MotoGP

Crutchlow in disbelief at ‘dream’ MotoGP podium on injury comeback

Cal Crutchlow says his third place in MotoGP’s season-opening Qatar Grand Prix is a “dream” result after the huge crash in Australia last year that curtailed his 2018 season.

LCR Honda rider Crutchlow was forced to skip the final three races of 2018, as well as post-season tests at Valencia and Jerez, after a heavy crash in practice at Phillip Island left him needing multiple operations on his right ankle.

He made his comeback in testing at Sepang last month, but was pessimistic about his chances after a troubled Qatar test in which he said he had lost his usual front-end feeling with Honda’s RC213V bike.

Crutchlow qualified a strong sixth and stuck with the lead group throughout last weekend’s race, and finally came out on top in a battle with Suzuki rider Alex Rins to finish third behind Ducati’s Andrea Dovizioso and works Honda rider Marc Marquez.

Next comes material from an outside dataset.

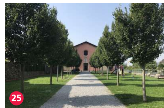
25 Chiesa dei Cappuccini

8: Processioni della Settimana Santa di Mendrisio, Representative List of the Intangible Cultural Heritage of Humanity (UNESCO) 14: Monte San Giorgio UNESCO WHL
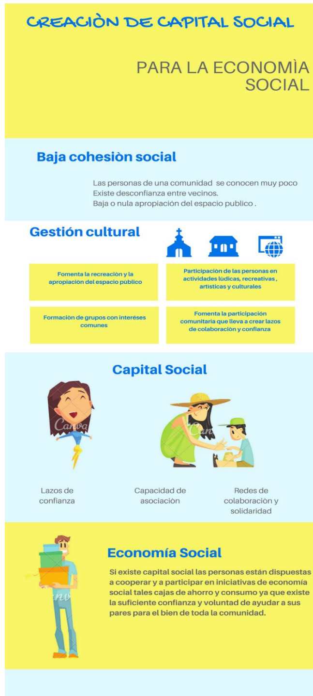
Infografía1 .Proceso de creación de capital social a través de la gestión cultural (Elaboración propia ,2018)

“It’s great to be back to be able to race in MotoGP, let alone to be on the podium,” Crutchlow said.

“We worked hard this weekend because the tests were a bit of a waste of time for me, and also this weekend has been a difficult weekend.

“If you asked me after warm-up, when I finished 13th or 14th, if I would be on the podium, I would have laughed.

“It seems every race in MotoGP there’s a battle and it was nice to be in it. It was nice to be able to race and to get a podium is a dream to be honest.

“We didn’t know I would be coming back at all at one point, let alone come back and be competitive.”

Crutchlow said his first priority during his recovery from the Phillip Island crash was to be able to have a “normal life”, and that at one stage he was not sure if he would walk again.

“I have a lot of people to thank for me being able to walk again, let alone race,” he said. “It was not an easy road.

“At the start it was OK. To sit and watch the MotoGP races, I was fine, accepted it. But after when I couldn’t walk, it was difficult.

“I could ride my bicycle all week no problem, but I couldn’t walk. I didn’t know if would walk again.

“They [doctors] told me I would, but when you’re in that much pain you don’t know.”